Dedication, resilience and Skittles - Ben Brosnan still Wexford's 'main man'

The veteran forward remains the star of the show in this, his 16th campaign.

BEN BROSNAN WAS the name on everyone’s lips as Wexford stunned Offaly in the Leinster senior football championship last weekend.

kieran-dolan-blocks-ben-brosnan Brosnan in action against Carlow last weekend. Source: Ken Sutton/INPHO

The veteran forward rolled back the years on the inter-county stage, and hit 1-8 — 1-4 of that from play — in the Model county’s superb three-point, come-from-behind win.

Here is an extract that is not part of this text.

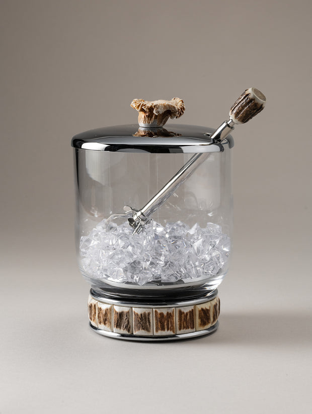 A refined addition to the drinks service. Made of blown glass, with cover in chromed brass, it is made unique by the precious handcrafted deer antler details. The lid is designed to perfectly hold the matching ice tongs, while on the bottom a plate in pierced chromed brass allows the filtering of the water while keeping it separated from the ice.
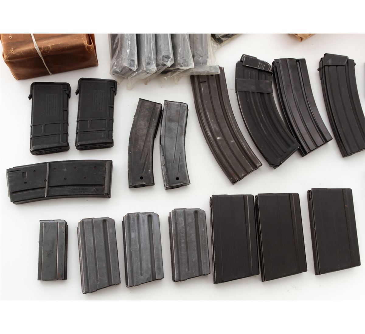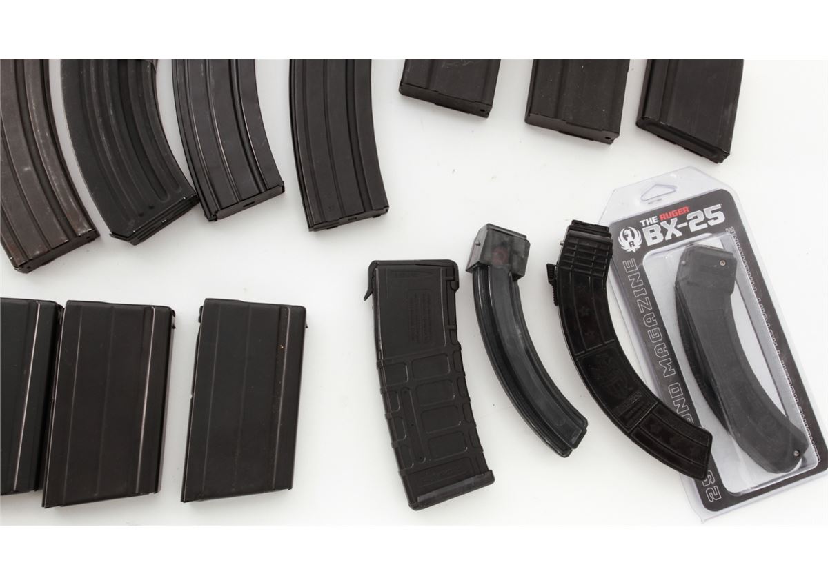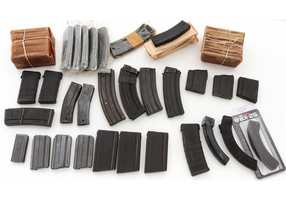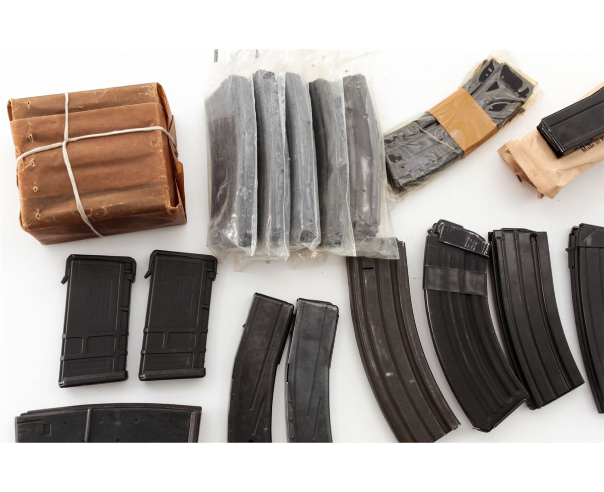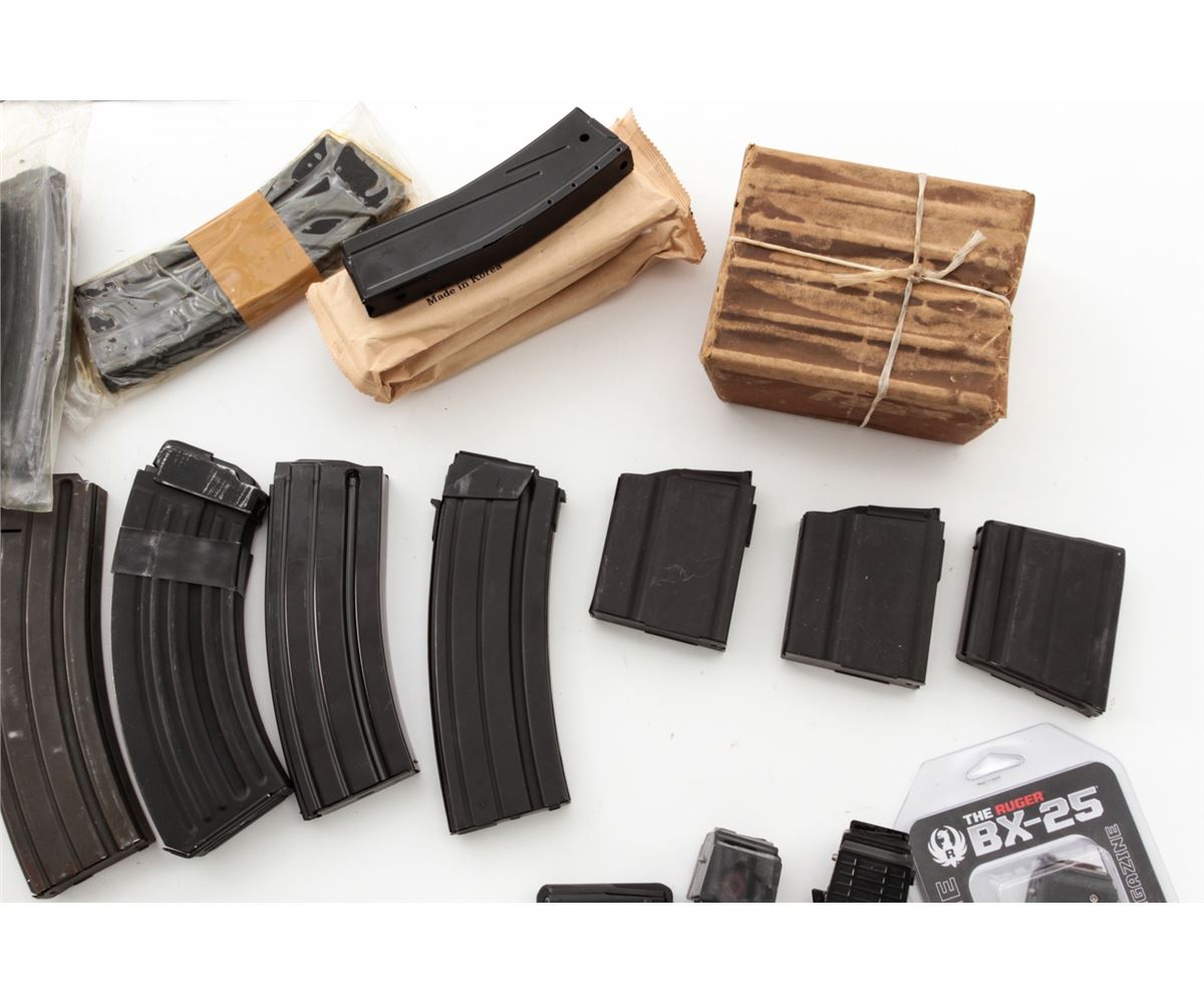 Lot of Approx. Forty-Three (43) High-Capacity Magazines, consisting of: Sixteen (16) SA58/FAL 7.62 cal. mags, 20 & 15 rounds; Fifteen (15) AR-15 mags, 20 & 30 rounds; Seven (7) .30 Carbine mags, 30 & 15 rounds; Three (3) 10/22, 25 rounds; and two (2) AR47 mags. Est.: $400-$600/lot. (High-cap mags not available to California residents.)

Brosnan, 34, put a recurring hamstring problem behind him to shoot the lights out and set-up a provincial quarter-final date with Dublin.

While all eyes are on this evening’s return to Wexford Park [throw-in 6.30pm, live on Sky Sports Arena], that glittering individual display will live long in the memory.

It came as no surprise whatsoever to Brian Malone, though.

“No, it certainly didn’t,” Brosnan’s recently-retired team-mate and friend tells The42.

“I was delighted for him. He probably had a mixed league, he was in and out of the team, but we always know on the big days, you want the likes of Ben out there. On the big days, he does produce the goods.

“1-4 from play last week, that would be his average scoring really. I was delighted to see him put in that performance. He’s been doing that for Wexford for years, and it’s nice that he got a bit of attention there around the country.”

Malone, who slipped away from the inter-county scene quietly through the off-season, soldiered with Brosnan for many a year. While Malone made his inter-county debut in 2006, Brosnan’s bow came in 2008 — against Laois in the O’Byrne Cup.

ben-brosnan Brosnan on the ball in 2011. Source: Cathal Noonan

When the Castletown clubman first joined the panel, he was playing soccer too. In fact, he made 15 appearances for Wexford Youths in the 2007 League of Ireland First Division.

“He certainly wasn’t the player he is now,” Malone concedes, as a brilliant story enters his mind. “We did all get a laugh out of him when he first started. He probably wasn’t the best trainer.

We always refer back to maybe 2008 — he was running around training and he had a hoodie on, with the hood up, and in the front [pocket] of the hoodie, he had a packet of Skittles. He was eating them on the sly, and then one of the selectors let the greatest roar at him and the Skittles went flying everywhere!

“He got the fright of his life, and that was the end of the hoodies and the Skittles. He wasn’t always as dedicated as he is now, but I think he saw the error in his way.”

In Wexford, everyone learned from Mattie Forde. “One of the best forwards to ever do it,” Malone smiles, adding that Brosnan, in particular, probably absorbed more than others.

“Ben is kind of that player for the younger lads now,” he points out. “He’d be out on the pitch nice and early, probably the last lad to go [home] after taking frees and that kind of stuff.” 

The memories from down through the decades come flooding back; Brosnan now with over 150 appearances for the Model county under his belt in this, his 16th campaign at senior level.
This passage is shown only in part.